Type Ibn supernovae from ultra-stripped supernova progenitors
Takashi J. Moriya, Bernhard Mueller, Sergei I. Blinnikov, Marina Ushakova, Elena I. Sorokina, Thomas M. Tauris, Alexander Heger
TL;DR
This study investigates whether ultra-stripped SNe can appear as Type Ibn SNe when a dense CSM forms shortly before core collapse. Using a motivated progenitor that ejects $\sim 0.2\,M_\odot$ of CSM 78 days prior and produces $0.06\,M_\odot$ of ejecta with $E_{\rm expl}=9\times10^{49}$ erg, the authors couple 2D explosion results to a 1D STELLA light-curve calculation with modified error control and smearing to capture interaction effects. The findings show that CSM interaction can dominate the early luminosity, yielding a peak around $3\times10^{43}$ erg s$^{-1}$ and radiated energy of $\sim 3\times10^{49}$ erg within 30 days, with the rise time governed by diffusion through the CSM. This work suggests a plausible channel linking ultra-stripped SNe to Type Ibn SNe and motivates broader exploration of pre-SN mass loss in compact binaries to assess the diversity of Ibn-like transients.
Abstract
Ultra-stripped supernovae are core-collapse supernovae from progenitors that lose a significant fraction of mass because of the binary interactions with their compact companion stars.

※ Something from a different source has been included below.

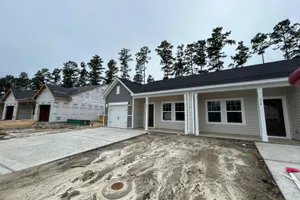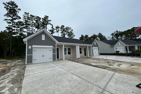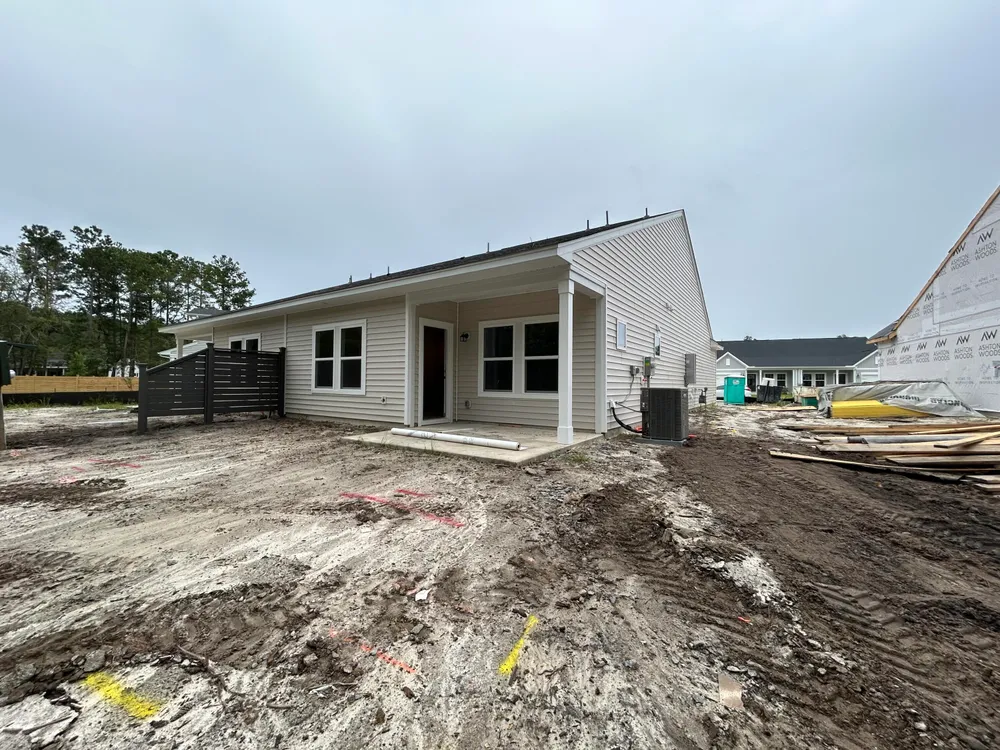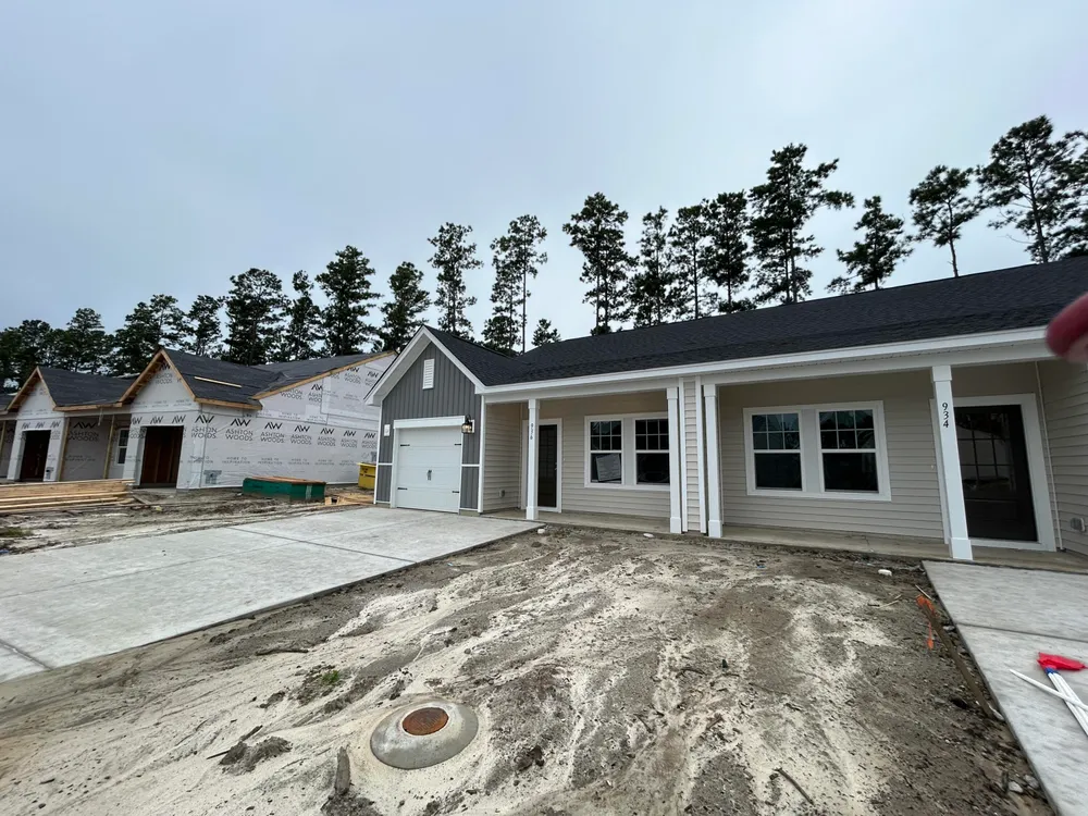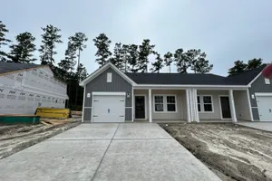 Single level duplex home on large lot with trees behind. Brand new warrantied home that invites you into luxury with 9 foot ceilings and wide plank flooring. Gorgeous open main living is tucked away in the back of the home with ample room for dining and living. Up to the minute kitchen features quartz countertops, matte gold fixtures and an elegantly serene ceramic backsplash to blend with quality 42'' upper cabinets. Sunlit, primary suite overlooks sizeable yard and is lined in back with a tree buffer. Step into spa style with zero entry shower, dual vanities and a walk-in closet. At the front of the home another spacious bedroom with walk-in closet and full bath offers guests privacy. Extra deep single car garage is attached. Partially covered patio in back and front porch.

Ultra-stripped supernovae have been connected to fast-evolving faint Type Ib or Ic supernovae. Here, we show that in some cases ultra-stripped supernovae can result in Type Ibn supernovae. Progenitors of ultra-stripped supernovae may trigger violent silicon burning shortly before the core collapse, leading to mass ejection that results in a dense circumstellar matter. By taking an ultra-stripped supernova progenitor that loses 0.2 Msun at 78 days before the core collapse, we compute the light-curve evolution of the ultra-stripped supernova within the dense circumstellar matter. The core collapse results in a supernova explosion with an ejecta mass of 0.06 Msun and an explosion energy of 9e49 erg. Because the dense circumstellar matter is more massive than the supernova ejecta, the ejecta are immediately decelerated and the light curve is powered mainly by the circumstellar interaction. Therefore, this ultra-stripped supernova is likely observed as a Type Ibn supernova. We suggest that some Type Ibn supernovae may originate from ultra-stripped supernova progenitors losing significant mass shortly before their explosion due to violent silicon burning.